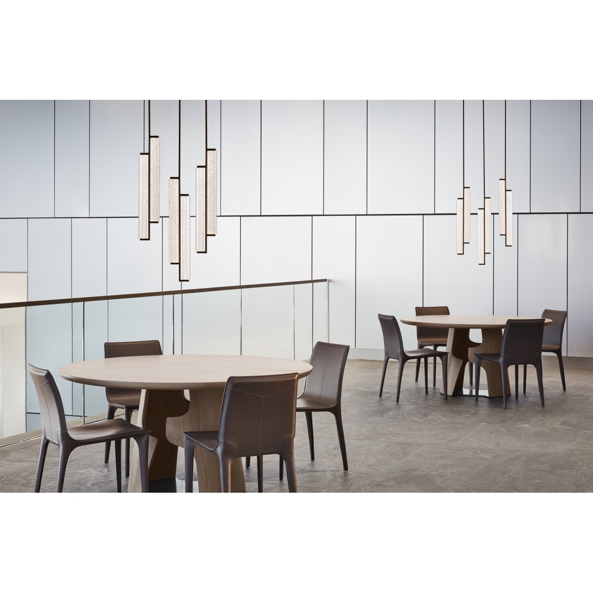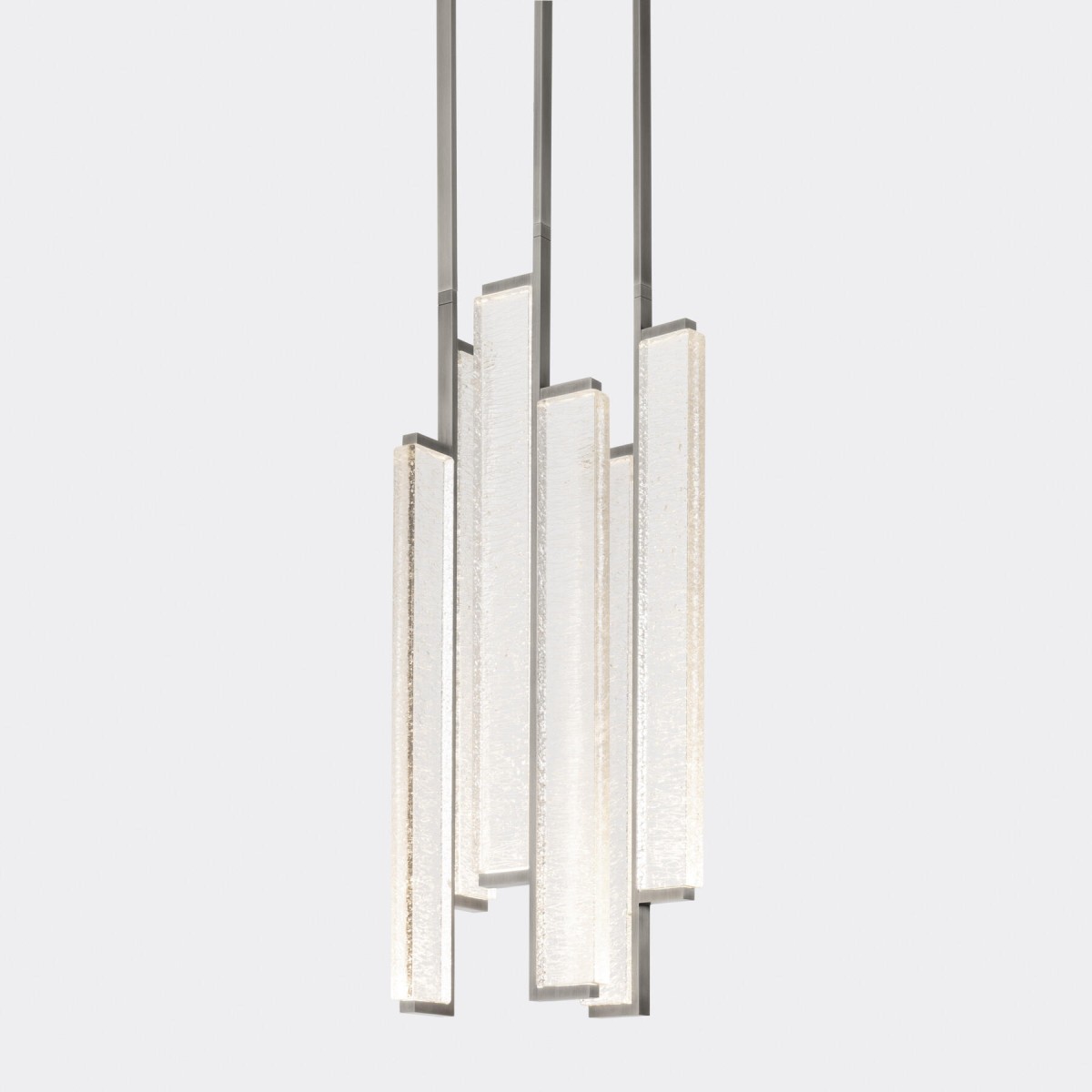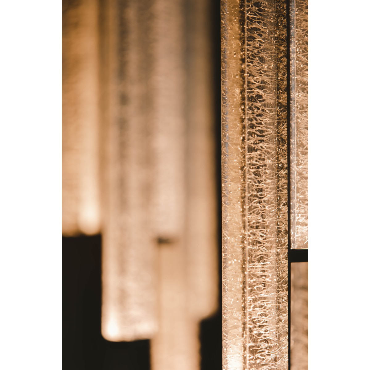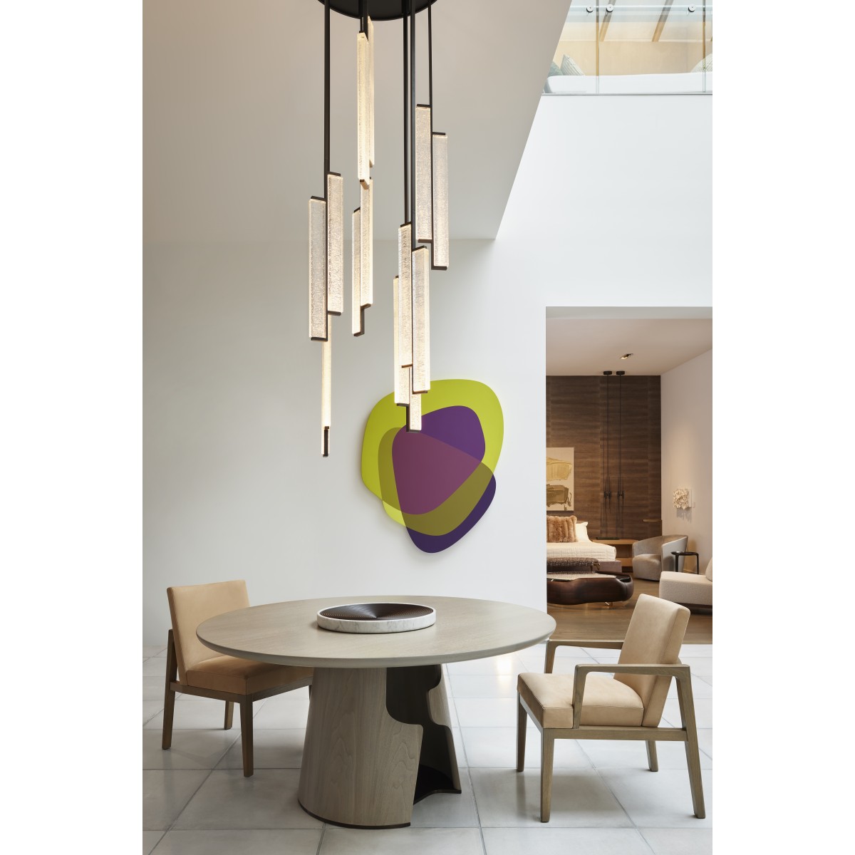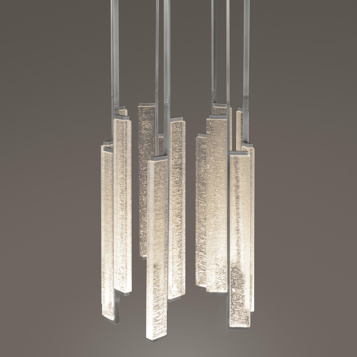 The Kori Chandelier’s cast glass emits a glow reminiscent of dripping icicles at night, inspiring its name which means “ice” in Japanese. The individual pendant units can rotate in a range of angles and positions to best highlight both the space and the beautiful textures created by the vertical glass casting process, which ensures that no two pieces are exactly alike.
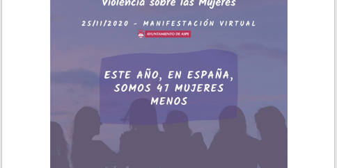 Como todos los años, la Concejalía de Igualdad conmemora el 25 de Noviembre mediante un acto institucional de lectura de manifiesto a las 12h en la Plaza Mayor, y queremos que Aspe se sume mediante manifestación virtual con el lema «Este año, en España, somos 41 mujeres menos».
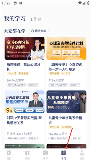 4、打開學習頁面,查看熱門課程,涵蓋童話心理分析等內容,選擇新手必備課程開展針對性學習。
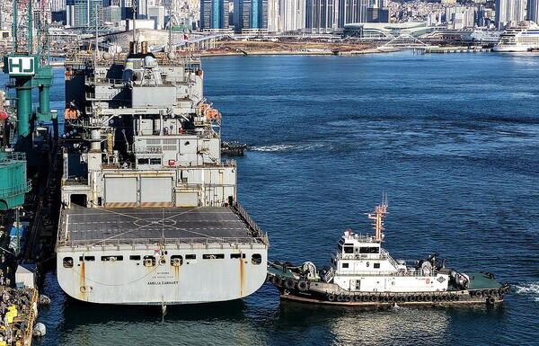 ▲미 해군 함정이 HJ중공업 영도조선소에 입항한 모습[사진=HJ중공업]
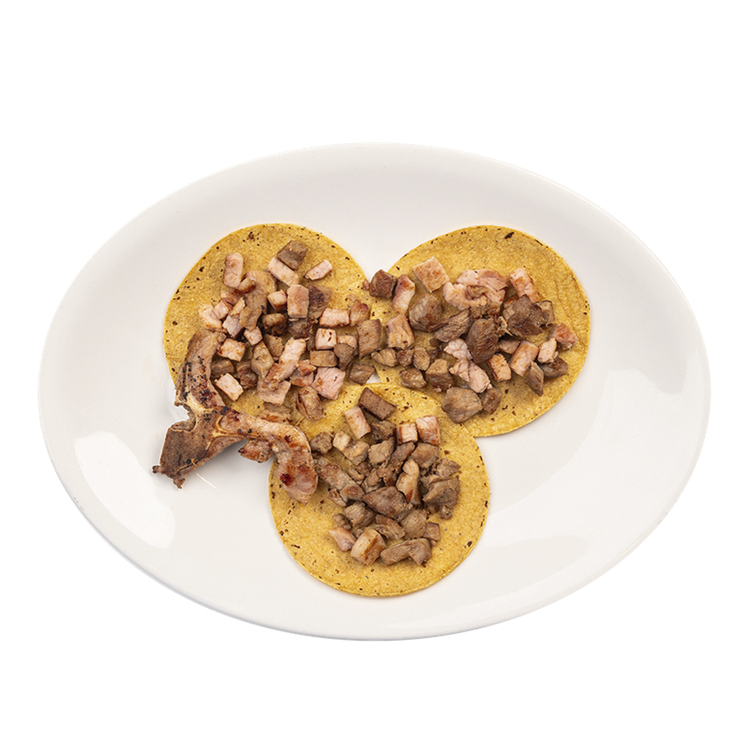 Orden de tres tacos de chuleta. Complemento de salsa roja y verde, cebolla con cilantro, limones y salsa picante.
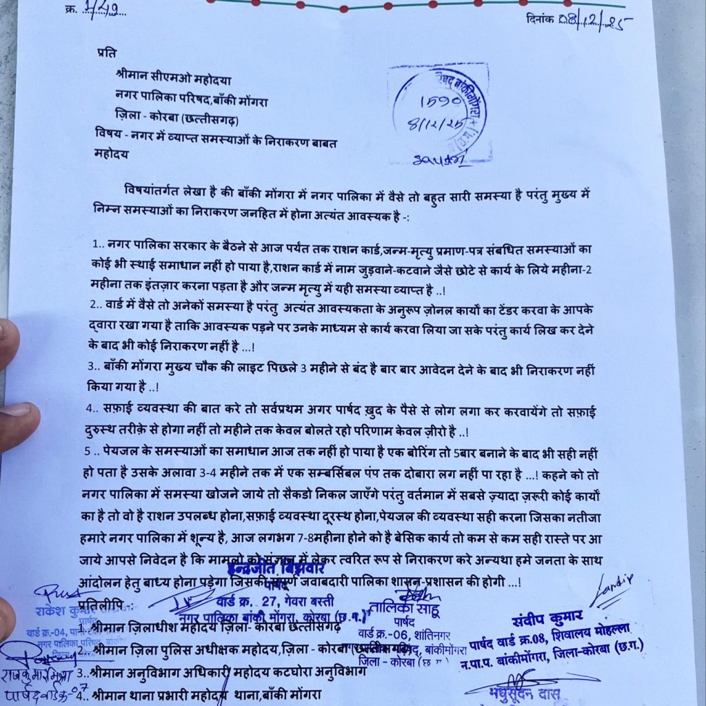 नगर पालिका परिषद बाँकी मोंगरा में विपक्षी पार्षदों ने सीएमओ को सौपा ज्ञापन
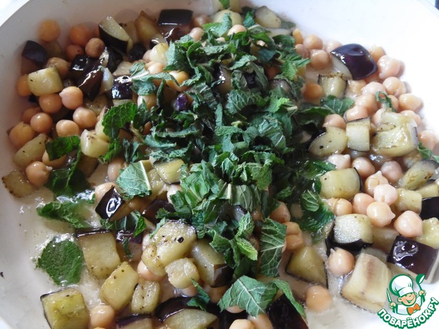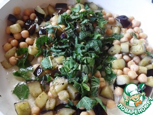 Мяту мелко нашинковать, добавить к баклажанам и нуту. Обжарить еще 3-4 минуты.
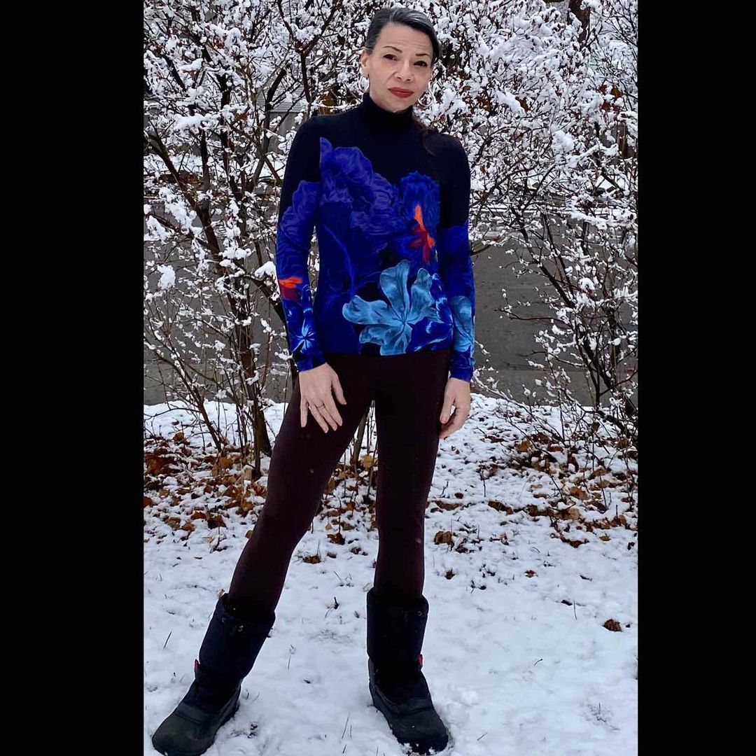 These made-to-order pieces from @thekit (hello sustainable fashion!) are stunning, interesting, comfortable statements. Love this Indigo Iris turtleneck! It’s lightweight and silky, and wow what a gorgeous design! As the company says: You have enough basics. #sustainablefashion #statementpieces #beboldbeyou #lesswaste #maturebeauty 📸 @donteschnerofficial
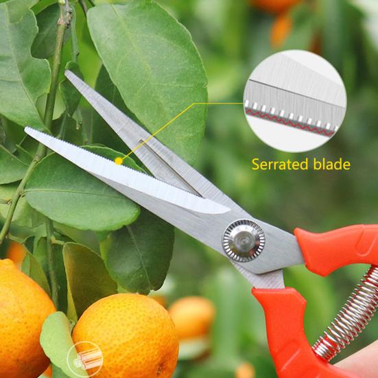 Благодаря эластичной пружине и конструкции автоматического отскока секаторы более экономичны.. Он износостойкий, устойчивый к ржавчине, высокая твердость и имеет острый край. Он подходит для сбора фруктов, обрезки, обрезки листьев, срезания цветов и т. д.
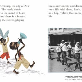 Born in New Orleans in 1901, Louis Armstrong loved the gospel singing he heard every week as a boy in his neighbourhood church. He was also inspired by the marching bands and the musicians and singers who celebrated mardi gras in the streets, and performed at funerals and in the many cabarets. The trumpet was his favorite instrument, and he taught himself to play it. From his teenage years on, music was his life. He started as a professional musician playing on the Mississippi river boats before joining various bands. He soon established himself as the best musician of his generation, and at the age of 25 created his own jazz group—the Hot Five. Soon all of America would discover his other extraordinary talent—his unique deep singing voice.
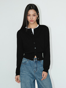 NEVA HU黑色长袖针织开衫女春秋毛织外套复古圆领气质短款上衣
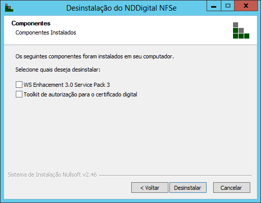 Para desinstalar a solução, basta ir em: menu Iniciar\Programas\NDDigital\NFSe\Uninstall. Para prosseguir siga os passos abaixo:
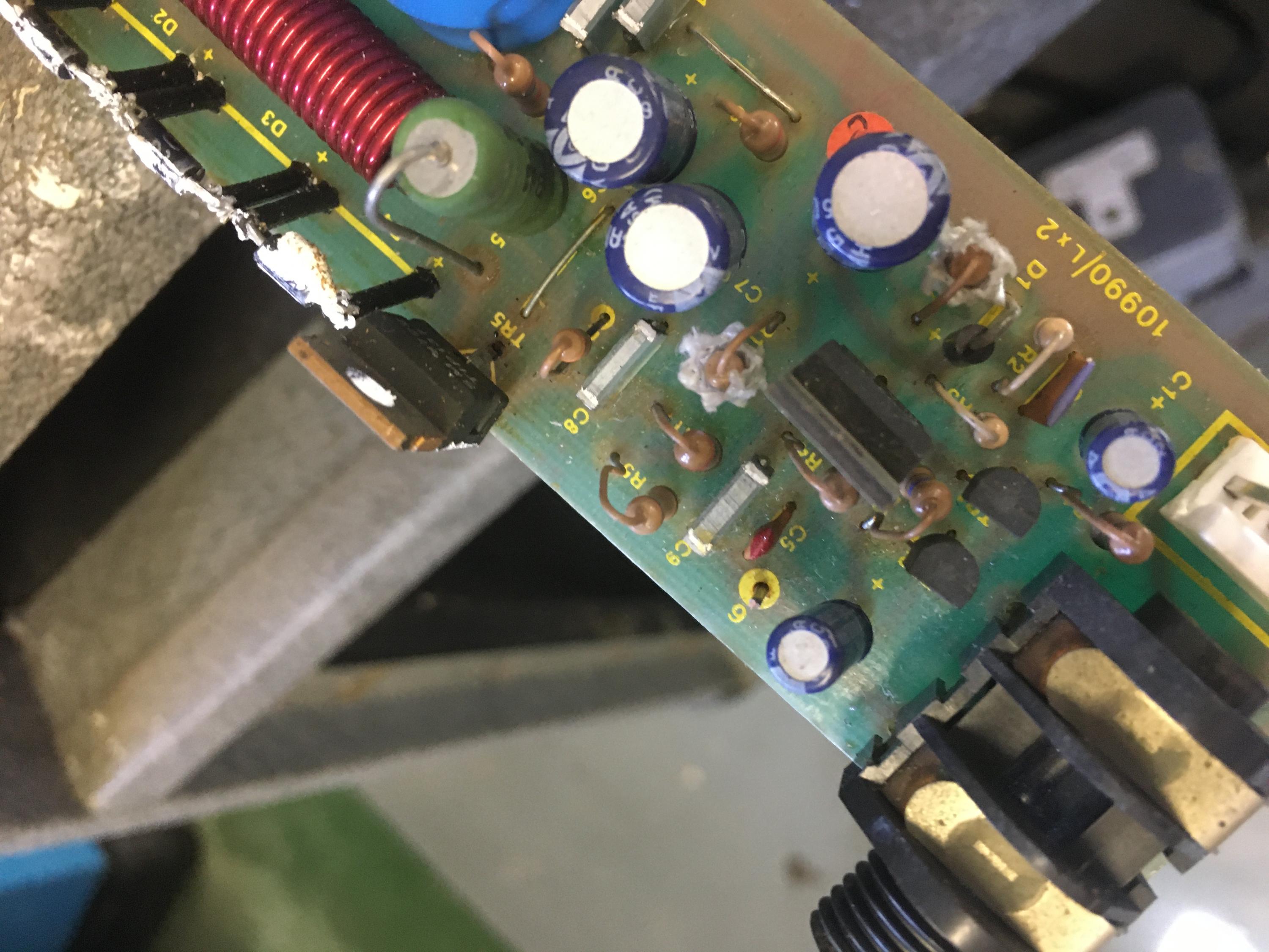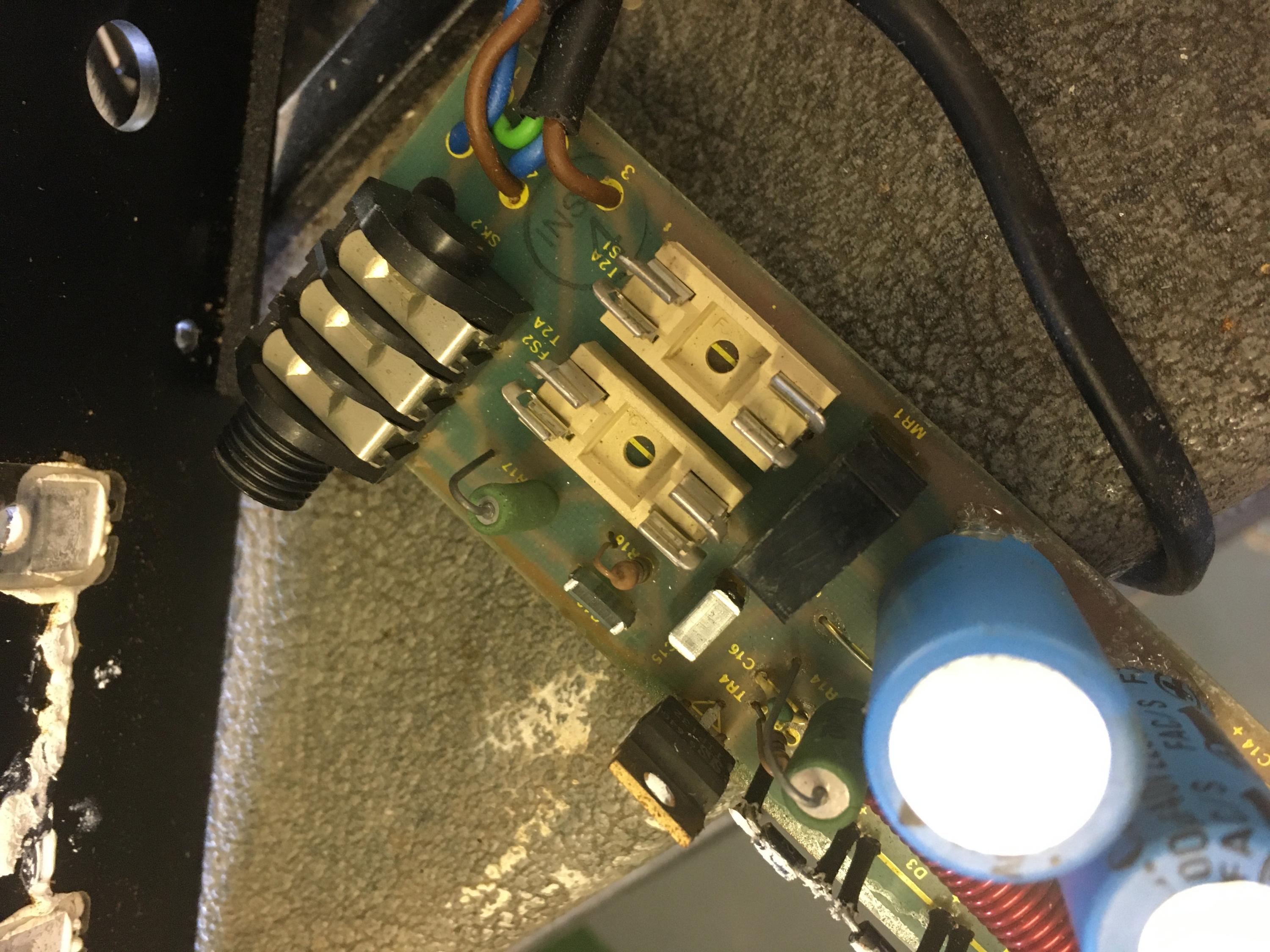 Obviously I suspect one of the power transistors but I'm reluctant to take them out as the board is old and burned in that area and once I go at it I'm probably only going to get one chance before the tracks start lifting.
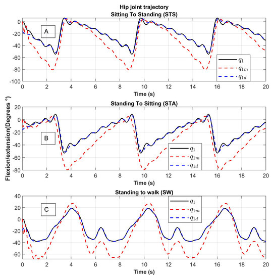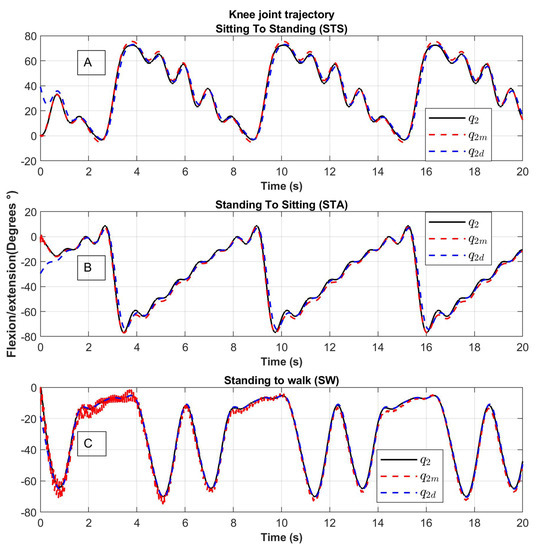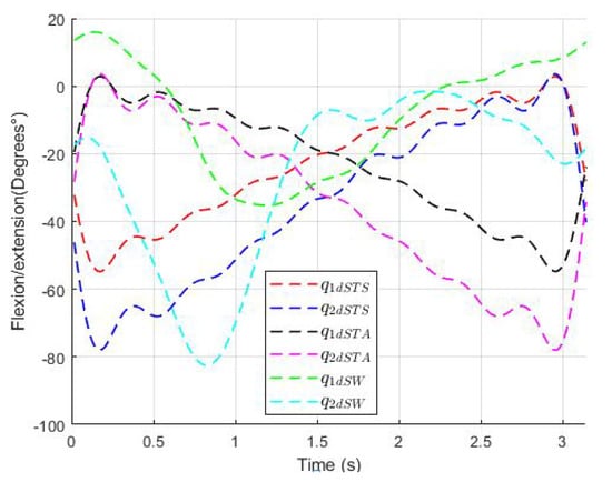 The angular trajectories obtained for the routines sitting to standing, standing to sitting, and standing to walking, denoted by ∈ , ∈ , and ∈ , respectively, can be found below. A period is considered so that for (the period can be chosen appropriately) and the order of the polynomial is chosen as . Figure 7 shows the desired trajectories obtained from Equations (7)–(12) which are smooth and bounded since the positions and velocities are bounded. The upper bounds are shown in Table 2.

◆ ◆ ◆ ◆ ◆

[Task instructions]
What are the lines from the one containing "NEVA HU黑色长袖针织开衫女春秋毛织外套复古圆领气质短款上衣" through the end of the records? Write them out exactly, leaving out the pictures.

[Reply]
 NEVA HU黑色长袖针织开衫女春秋毛织外套复古圆领气质短款上衣
 Para desinstalar a solução, basta ir em: menu Iniciar\Programas\NDDigital\NFSe\Uninstall. Para prosseguir siga os passos abaixo:
 Obviously I suspect one of the power transistors but I'm reluctant to take them out as the board is old and burned in that area and once I go at it I'm probably only going to get one chance before the tracks start lifting.
 The angular trajectories obtained for the routines sitting to standing, standing to sitting, and standing to walking, denoted by ∈ , ∈ , and ∈ , respectively, can be found below. A period is considered so that for (the period can be chosen appropriately) and the order of the polynomial is chosen as . Figure 7 shows the desired trajectories obtained from Equations (7)–(12) which are smooth and bounded since the positions and velocities are bounded. The upper bounds are shown in Table 2.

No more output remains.